### Try it
Using the entries below, copy exactly each line from the line with "Venice, Italy. Seagull" up to and including the line with "A close-up of", with every picture left out.

### Data supplied
BEGIN
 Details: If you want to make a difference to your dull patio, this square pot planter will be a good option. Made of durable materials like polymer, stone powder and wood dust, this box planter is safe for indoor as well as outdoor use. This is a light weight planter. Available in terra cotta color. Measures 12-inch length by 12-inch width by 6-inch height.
END
BEGIN
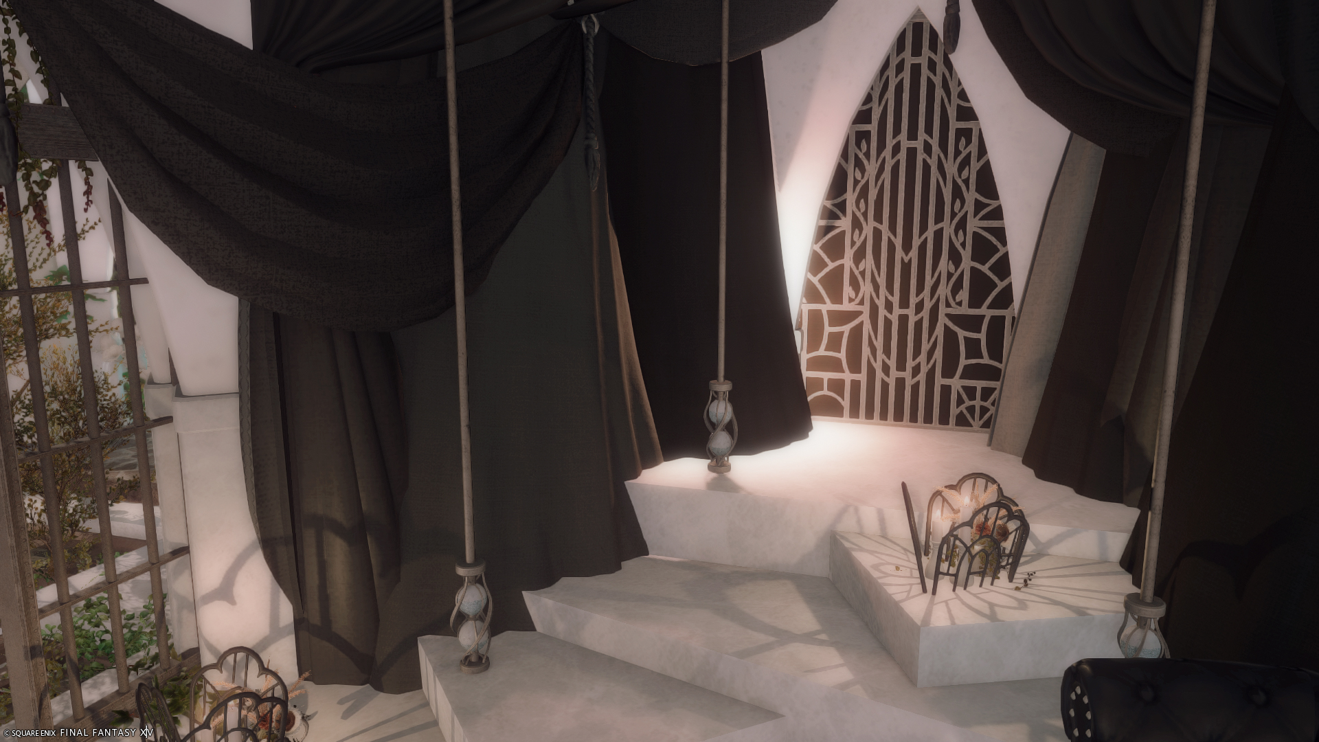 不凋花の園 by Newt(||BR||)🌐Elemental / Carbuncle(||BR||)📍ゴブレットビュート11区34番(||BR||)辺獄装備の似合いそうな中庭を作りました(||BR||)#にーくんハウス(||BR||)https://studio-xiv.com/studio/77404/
END
BEGIN
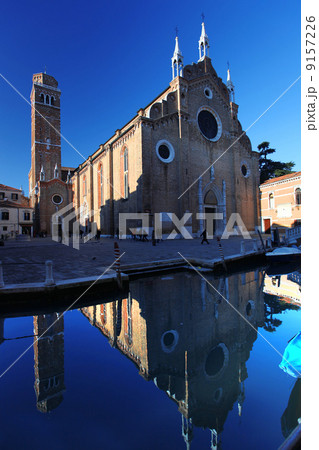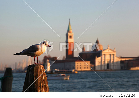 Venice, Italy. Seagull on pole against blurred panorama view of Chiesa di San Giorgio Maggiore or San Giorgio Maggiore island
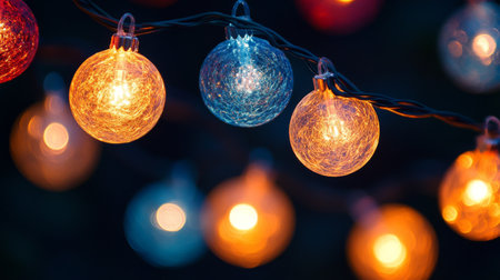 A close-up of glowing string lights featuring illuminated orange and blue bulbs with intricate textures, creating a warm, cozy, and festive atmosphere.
END
### Answer box
 Venice, Italy. Seagull on pole against blurred panorama view of Chiesa di San Giorgio Maggiore or San Giorgio Maggiore island
 A close-up of glowing string lights featuring illuminated orange and blue bulbs with intricate textures, creating a warm, cozy, and festive atmosphere.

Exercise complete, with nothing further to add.